Thank you for continuing to support Poetry Flash and our reading series. The featured books will be available for signing at the event and at bookshop.org/shop/poetryflash. This event will be posted on the Poetry Flash YouTube channel: www.youtube.com/channel/UClwdR-uPFNz7XxbBbLcnoEA.
MORE ABOUT THE READERS
Dan Alter's new poetry collection is Hills Full of Holes. Judy Halebsky says, "These immersive poems open interior and exterior worlds and diminish dichotomies of plant and human, nature and industry, history and now. Tender and vivid, they ask the reader to change perspectives and see the world anew." Dan Alter's previous collection is My Little Book of Exiles, winner of the Poetry Prize for the 2022 Cowan Writer's Awards. A volume of translations, Take a Breath, You're Getting Excited, was published in 2024. He has published poems in journals including Field, Fourteen Hills, Pank, and ZYZZYVA. He was a fellow of the Arad Arts Project and a finalist for the Rosenberg Award for Poems on the Jewish Experience. He is a member of the Community of Writers at Olympic Valley, and holds an MFA from Saint Mary's College of California. The Learning and Engagement Coordinator at the Magnes Museum, he lives in Berkeley.

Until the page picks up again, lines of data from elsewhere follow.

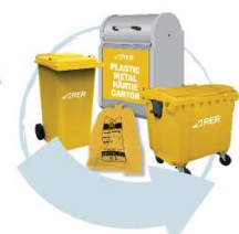
Depozitați-le în recipientul corespunzător
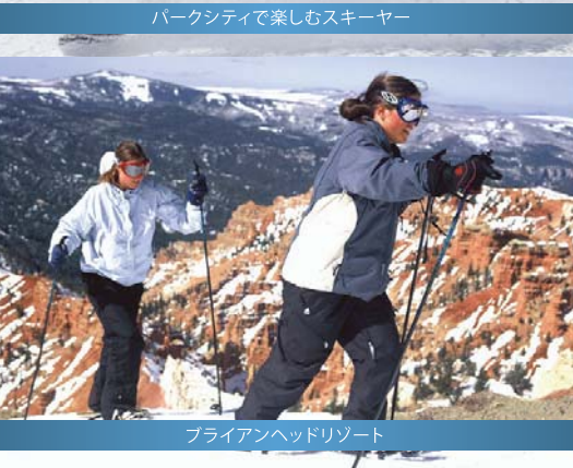
ブライアンヘッドリゾート
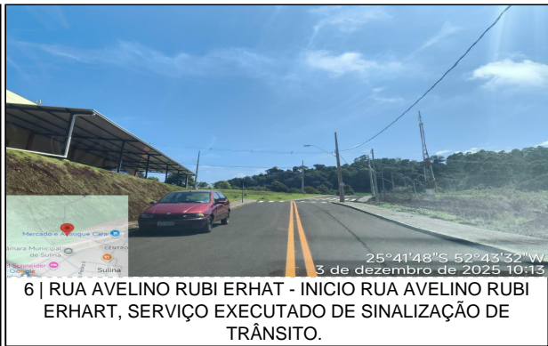
6 | RUA AVELINO RUBI ERHAT - INICIO RUA AVELINO RUBI ERHART, SERVIÇO EXECUTADO DE SINALIZAÇÃO DE TRÂNSITO.
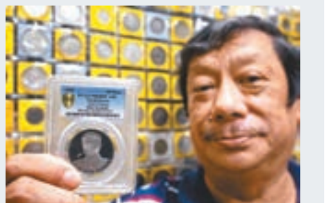
朝鮮硬幣在新加坡受追捧。

朝鮮過往為紀念導彈試射等大事發行硬幣，但因朝鮮受國際社會制裁，紀念幣不能公開拍賣，令收藏家趨之若鶩。由於美朝峰會在新加坡舉行，朝鮮紀念幣的價格在當地水漲船高，更吸引許多新加坡收藏家加入爭奪，令擁有朝鮮硬幣的新加坡錢幣商人發了一筆意外之財。
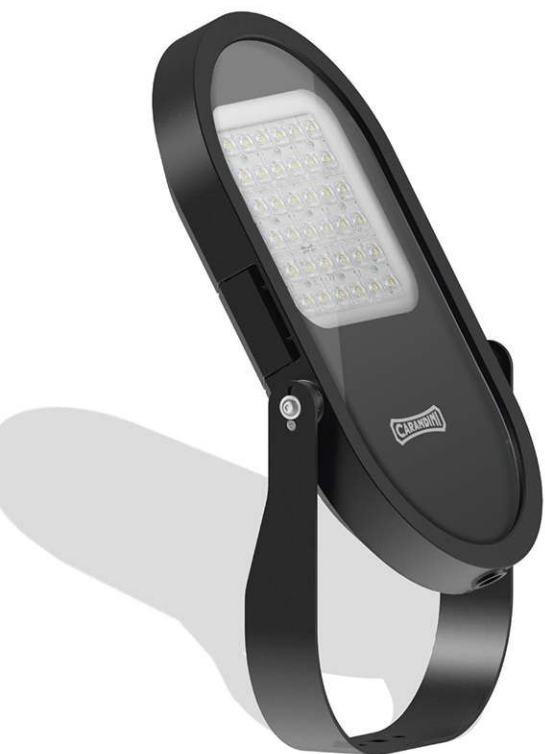
Fijación a suelo
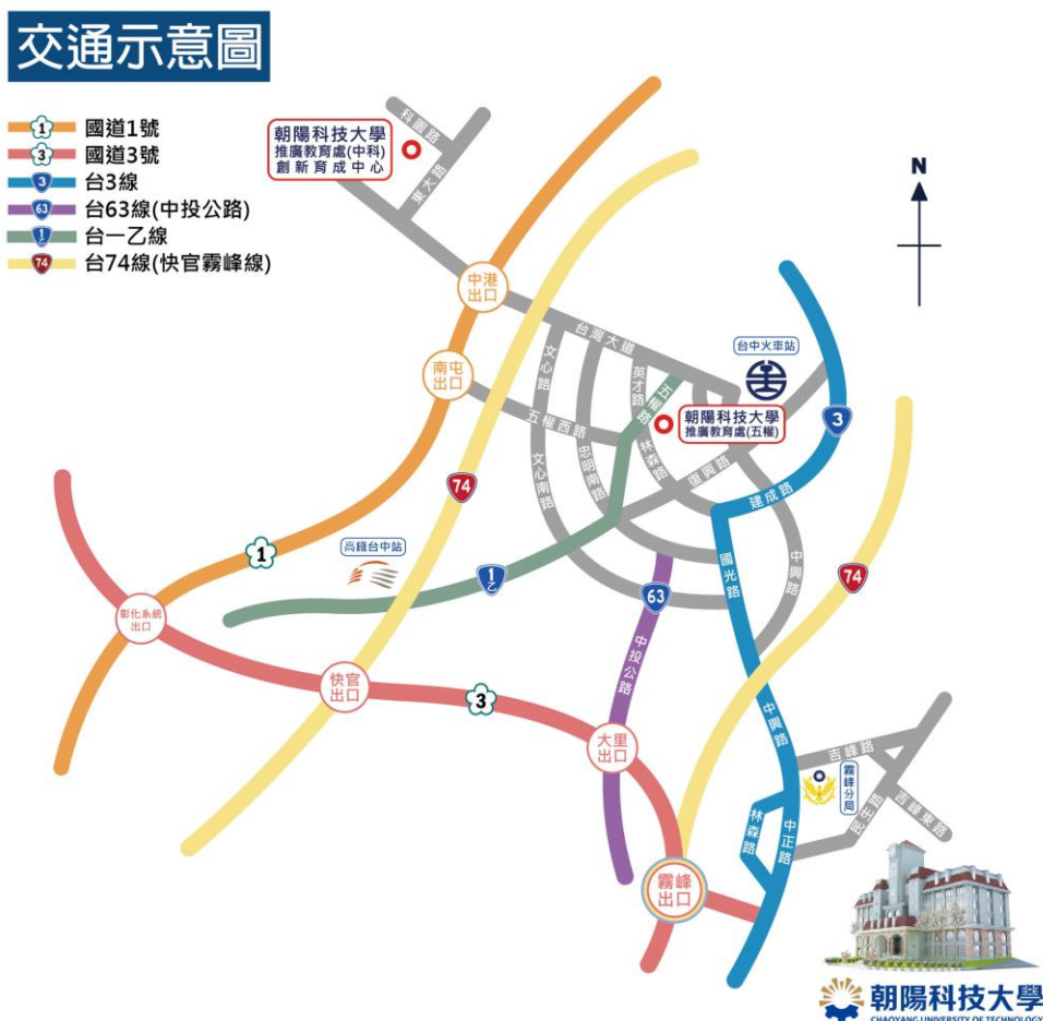
圖 1 朝陽科技大學交通示意圖

Judy Halebsky has three full-length books, most recently Spring and a Thousand Years (Unabridged), winner of the Miller Williams Poetry Prize. Katy Peterson says, "Under the spell of Basho's haiku, but written in a voice entirely its own, Judy Halebsky's Spring and a Thousand Years (Unabridged) is the first book of poetry I've read in years that makes civilization look good. It makes me want to make dinner, make love, and make noise. Only a poet this generous, this wise, and this rich in language could have made this splendid thing. Read this book and you will wish you were her neighbor." Her previous collections are Sky = Empty, winner of the New Issues Poetry Prize, Tree Line, and Space/Gap/Interval/Distance, a chapbook. Originally from Nova Scotia, she moved to the Bay Area to study poetry at Mills College, then spent five years in Japan on fellowships from the Japanese Ministry of Culture. She directs the low-residency MFA at Dominican University of California, and lives in Oakland.

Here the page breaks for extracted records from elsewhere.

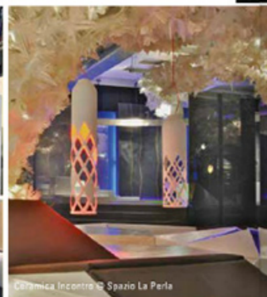
Ceramica Incontro

sposizione da 200 aziende del settore, che hanno registrato ogni sera il tutto esaurito.
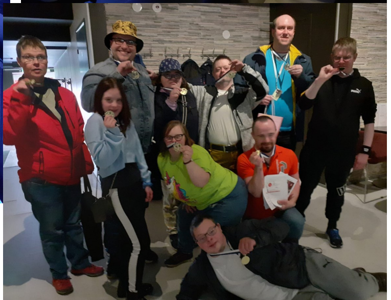
Bilder från fjolårets bowlingturnering.
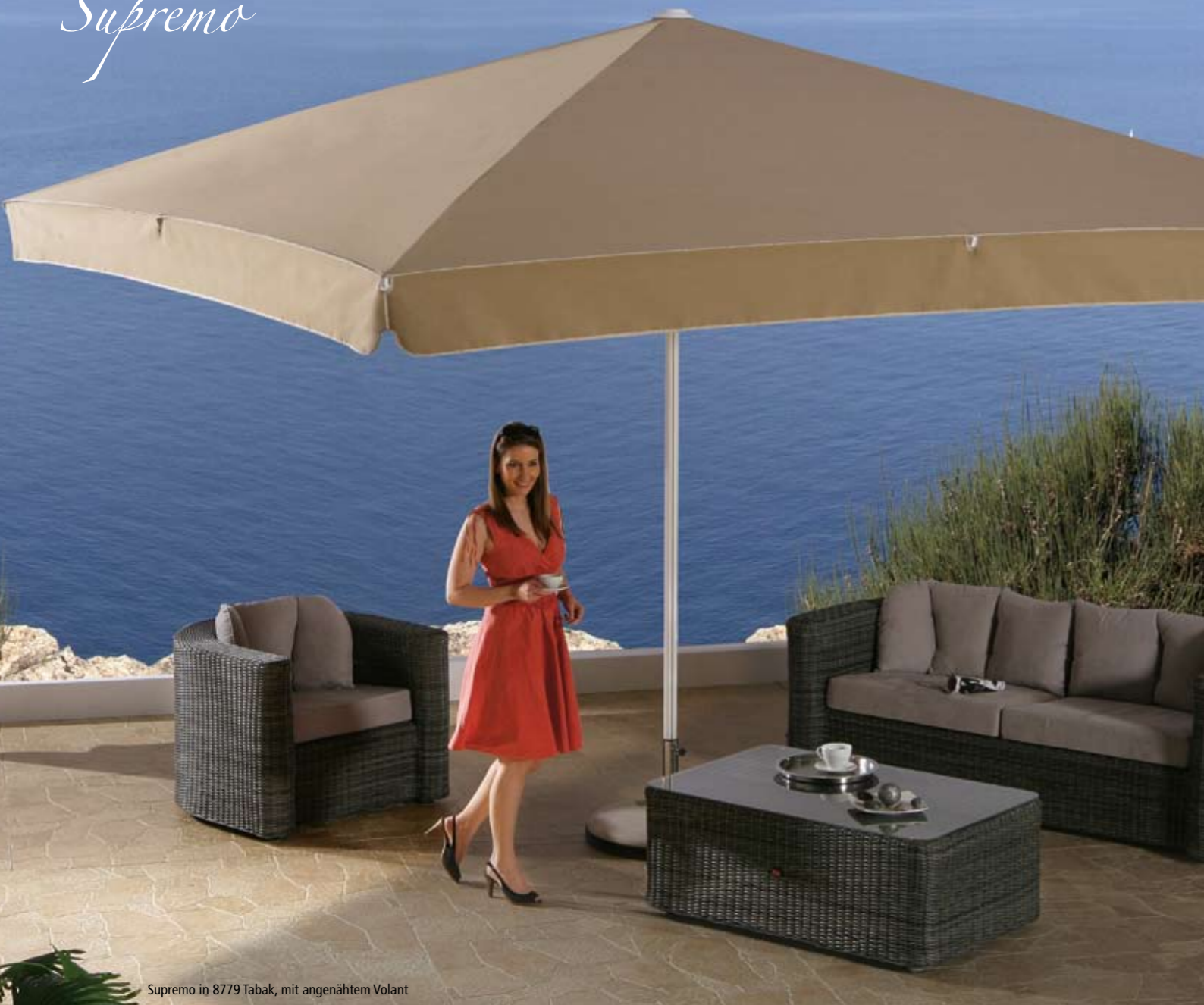
Supremo in 8779 Tabak, mit angenähertem Volant

Maw Shein Win's new book of poems is Percussing the Thinking Jar. Lee Herrick says, "Percussing the Thinking Jar is a marvel of lyric invention. The 'thought logs' make stream of consciousness feel new. Stroke log, vertigo log, anxiety meditations, wild ideas: no idea or language is out of Win's reach." Her previous collections include Storage Unit for the Spirit House, nominated for the Northern California Book Award in Poetry, longlisted for the PEN America Open Book Award, and shortlisted for CALIBA's Golden Poppy Award for Poetry; Invisible Gifts: New and Selected Poems; and two chapbooks, Ruins of a glittering palace and Score and Bone. A Burmese-American poet who teaches poetry in the MFA Program at the University of San Francisco, she served as the inaugural Poet Laureate of El Cerrito, California 2016-2018.